U.S. Pat. No. 4,863,158 shows another sit-up or abdominal exercise device which uses resistance weights to progressively challenge the muscles while avoiding lower back stresses during the sit-up movement.
U.S. Pat. No. 5,346,447 shows a device which utilizes the vertically downward weight of the user to provide resistance during the exercise. An adjustable pivot point and a roller ball allow the resistance to be varied.
U.S. Pat. No. 4,405,128 shows another type of exercise apparatus for performing sit-ups, which uses a complicated arrangement of levers and weights, and an elaborate platform system required to support the exerciser's body when performing the exercise.
U.S. Pat. No. 4,314,697 shows a simple exercise device for performing various exercises, which includes a wedge-shaped base over which the user's legs extend when performing exercises, together with a spring to provide resistance when performing the exercise.
U.S. Pat. No. 4,489,936 shows another exercise device in which the user lies on an elongated board, and by pressing on articulated levers, will raise the board and the user's weight for performing various exercises, whereby the user's weight provides the resistance to the device.
Although these and other prior art abdominal exercise devices are presumably adequate for the purpose for which they were intended, the present invention improves upon some of the drawbacks of these devices, such as the large amount of space that is required to both use and store the device. Also, many of the prior devices are bulky, heavy and expensive for the ordinary home user. Also, in order to progressively increase or decrease the resistance the user must stop during his workout and adjust the machine.
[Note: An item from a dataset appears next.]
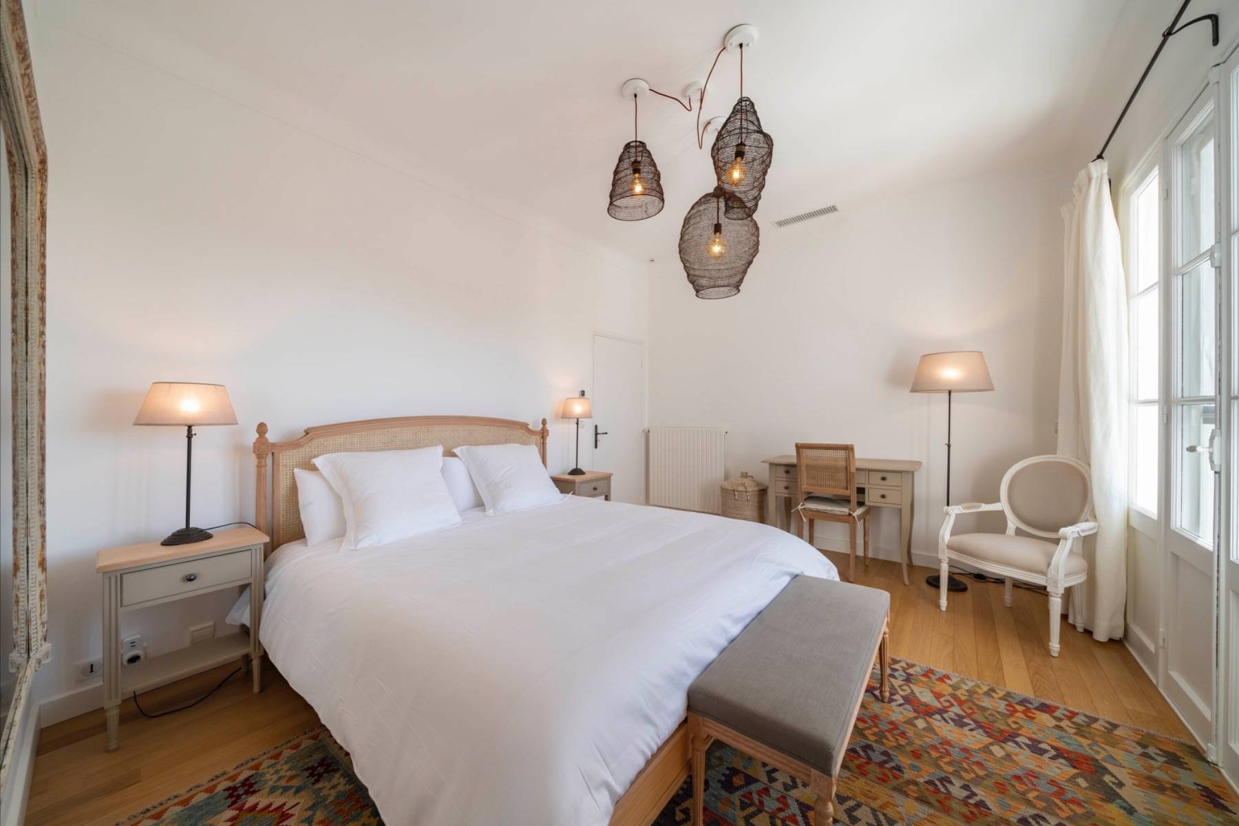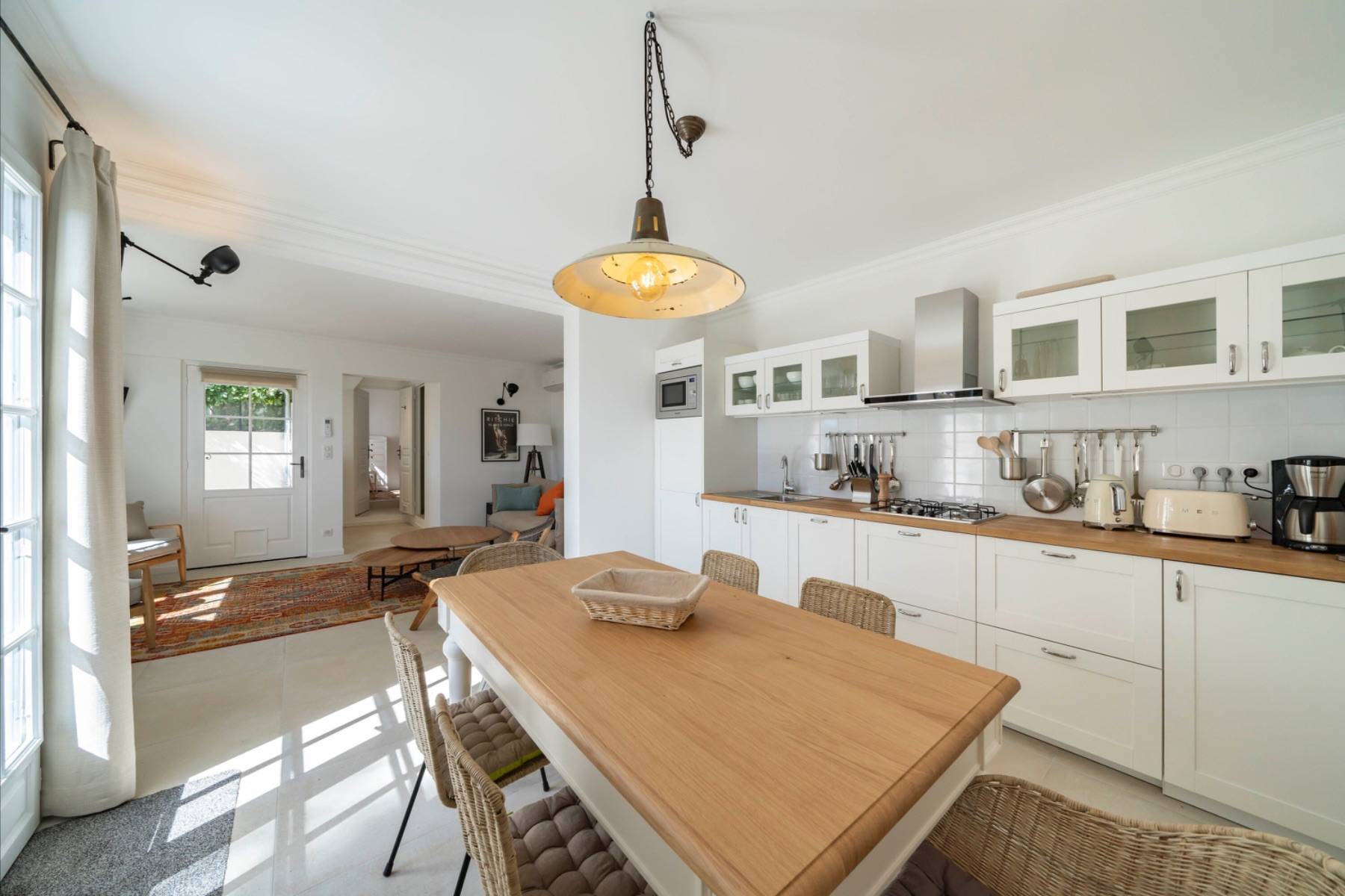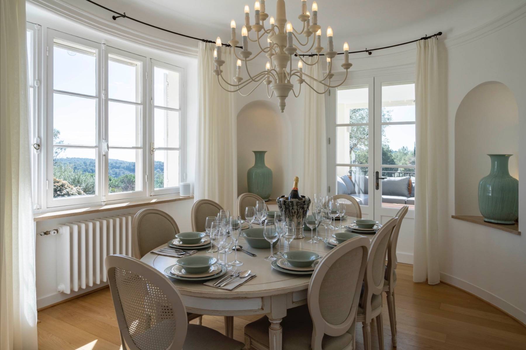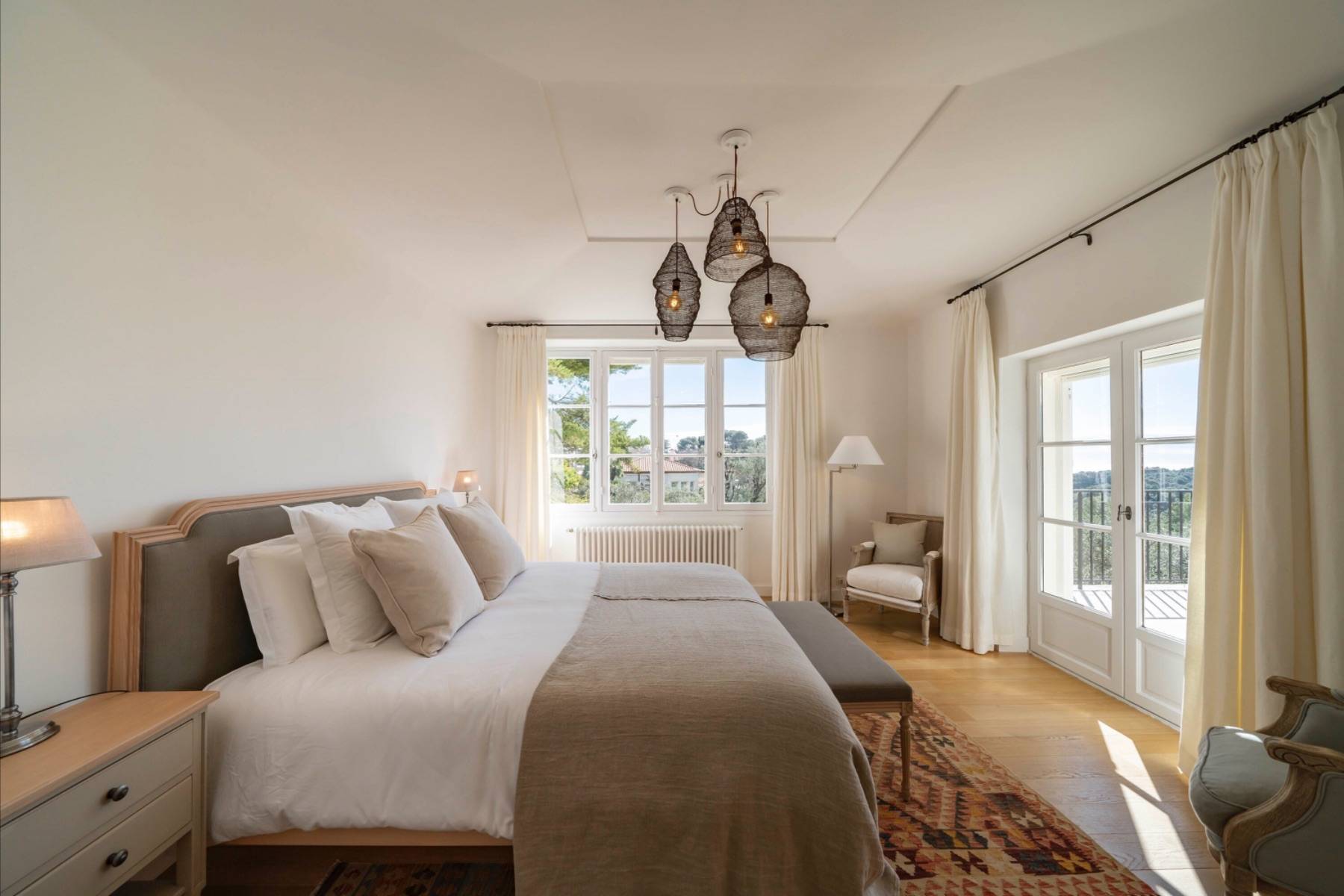 Die alte stattliche Villa fügt sich perfekt in die Umgebung ein und wurde im Stil von Vence renoviert: modern und stilvoll, hell und weiß, mit vielen Farbakzenten und besonderer Kunst, wahrscheinlich inspiriert oder beeinflusst vom malerischen Saint Paul de Vence .

Thus, the need exists for an abdominal exercise device which obligates a body movement in a plane or planes which effectively recruit the muscles of the body part to be exercised; which permits a full range of motion of the body part so as to thereby effectively exercise the desired muscles throughout their entire length; which provides a simple adjustment mechanism to vary the resistance and to progressively challenge the muscles; which provides neck and lower back support and protects the sensitive facet joints and discs of the cervical spine; which is compact in size both during use and storage; and which is relatively inexpensive to manufacture, and easy to ship, and assemble.
Objectives of the present invention include providing an exercise device which safely and effectively isolates the abdominus rectus and the internal and external oblique muscles.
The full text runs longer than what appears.